Releases will occur when enough new features or fixes have been merged into the development branch. ‘Enough’ is at the discretion of the mainters.


Several development tasks are defined in docker-compose.yml

Note - the base directory is mounted to a volume in the container - /opt/pygypsy. This way you do not need to rebuild the image every time you change a file or requirement.

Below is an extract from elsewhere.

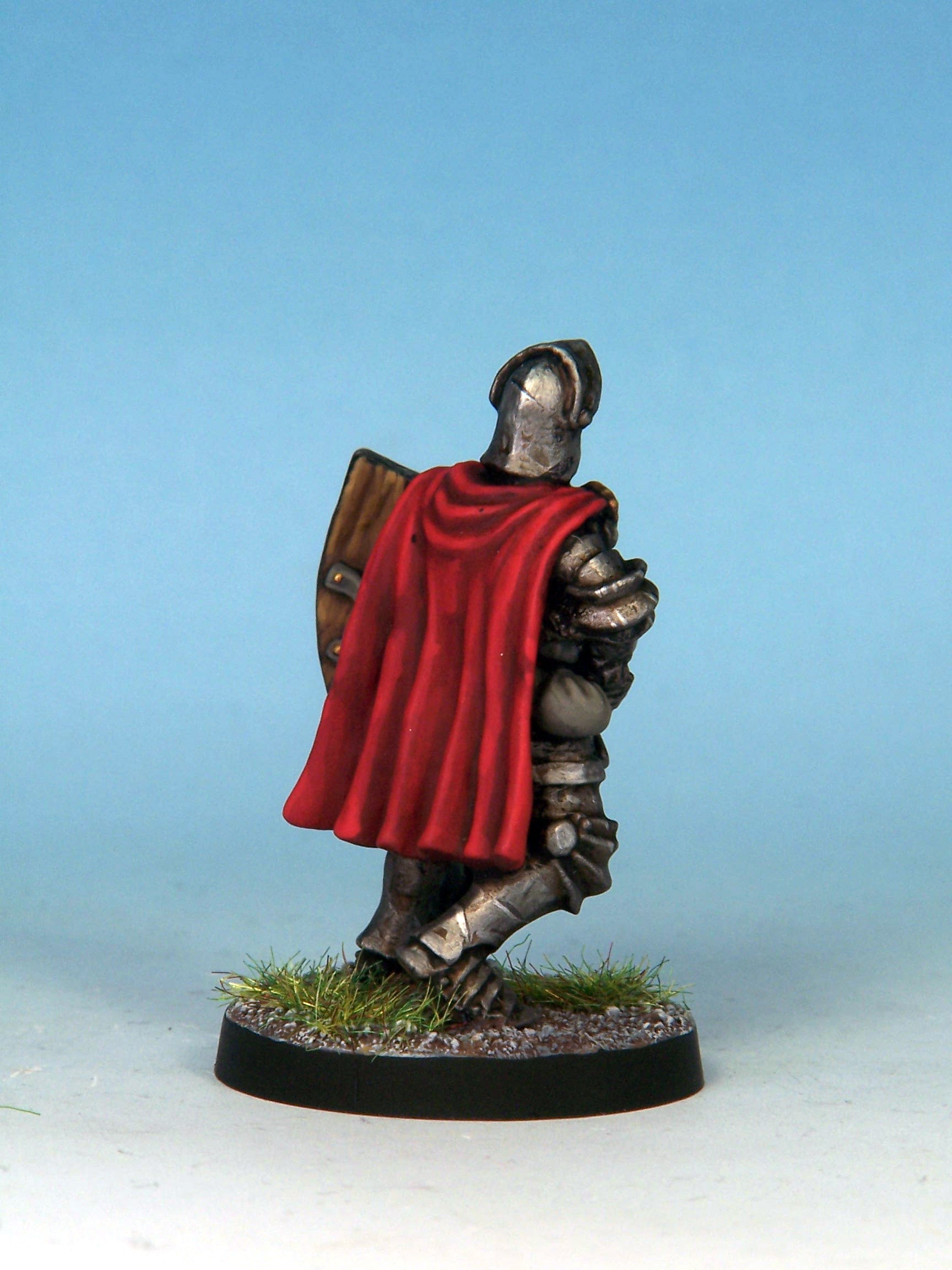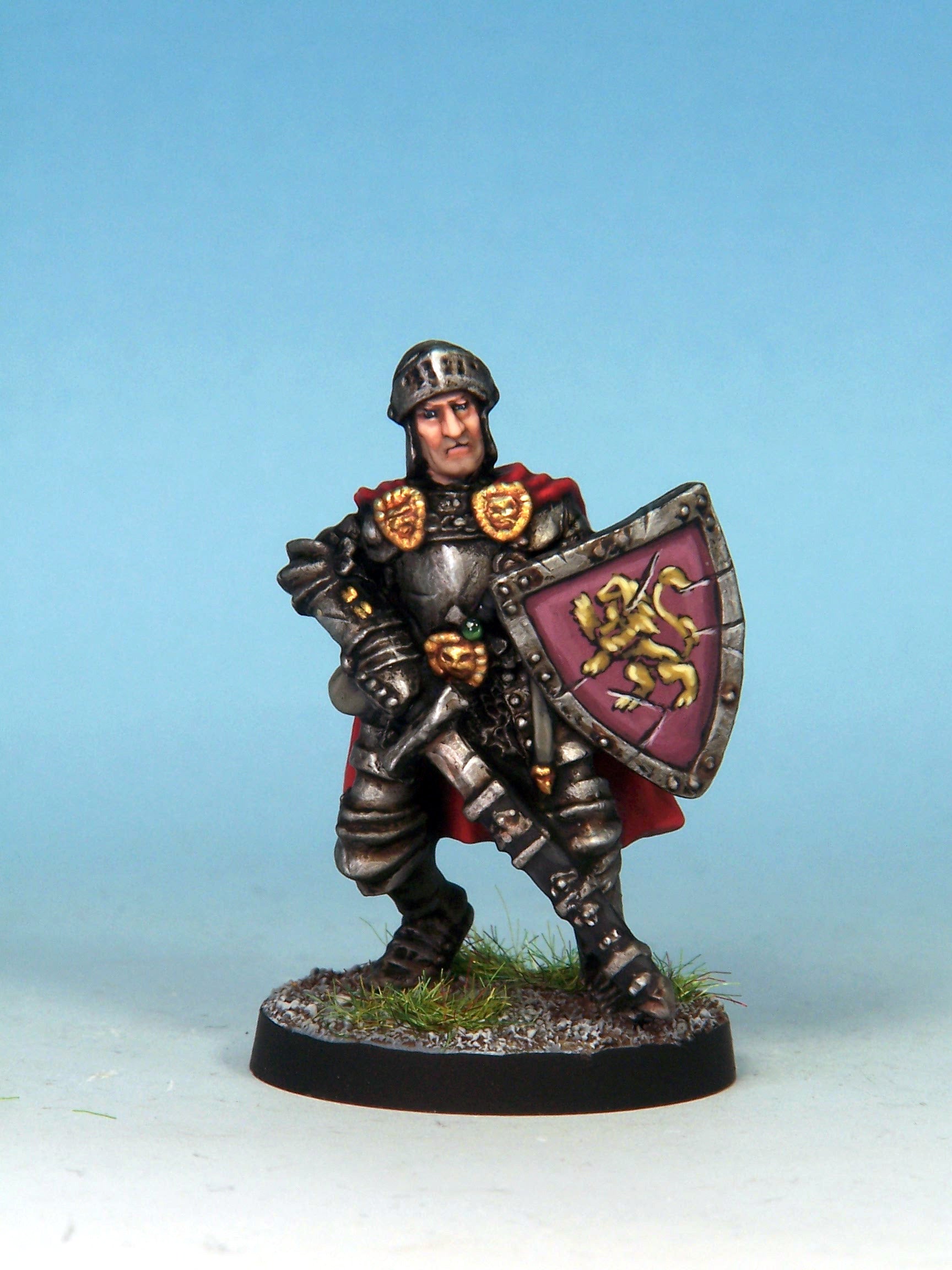 This human male paladin character wears full plate armour and open-faced helm. He is armed with a longsword and heater shield. It is a multi-part casting (2 pieces) which requires assembly.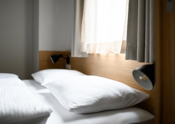 - Doppelbett (180x200) oder 2 Einzelbetten mit hochwertigen Simmons-Matratzen Baumwollbettwäsche, allergikerfreundliche Kopfkissen und Bettdecke

Start the dev container and setup a venv

docker-compose run dev
virtualenv venv -p python2.7
. venv/bin/activate
pip install -e .[dev,test,lint,docs]

Then it is possible to use the docker-compose tasks

docker-compose run test # run tests
docker-compose run docs # build docs
docker-compose run dev # run bash
docker-compose run lint # run linter


Any functional changes or additions should be tested. Add a test for your changes and update old tests, if required.

Run the tests as follows

docker-compose run test

# or, if set up with virtualenv outside of container
py.test -s -v tests/

To save time, it is often convenient only to test the sections of the code you are actively working. This can be done as follows

docker-compose run test bash # only run this if you are using docker

py.test -s -v tests/ # test one file
py.test -s -v tests/ # test one function


Linting checks the code for style and bugs.

Run the linter as follows

docker-compose run lint

# or, if set up with virtualenv outside of container
bash bin/

If you are familiar with pylint, you can use the pylint command directly.

All new code should satisfy the linting standards!


Documentation is built automatically from docstrings and hosted at pygypsy docs and administration is done at Read The Docs.

See for the syntax

You can build the docs locally as follows:

docker-compose run docs

# or, if set up with virtualenv outside of container
cd docs
sphinx-apidoc -o ./source ../pygypsy
make html
make coverage

Commit hooks

Commit hooks run automatically when committing to the repository for the following quality control items:

  • debug breakpoints
  • linting

You have to symlink from the commit hooks provided to your local git hooks directory as described in Getting Started:

You can override the commit hook by using the -n option when running git commit. This is however discouraged!


There are many strategies suitable for profiling.

A good initial strategy is to run cProfile on a script as follows:

python -m cProfile -s cumtime  "$(which pygypsy)" simulate data/raw_plottable.csv.prepped > profile.txt

It is very easy to be misled by the profiler, cProfile has 2x overhead, and there a multitude of possible solutions to performance issues from internal optimizations to better use of library functions.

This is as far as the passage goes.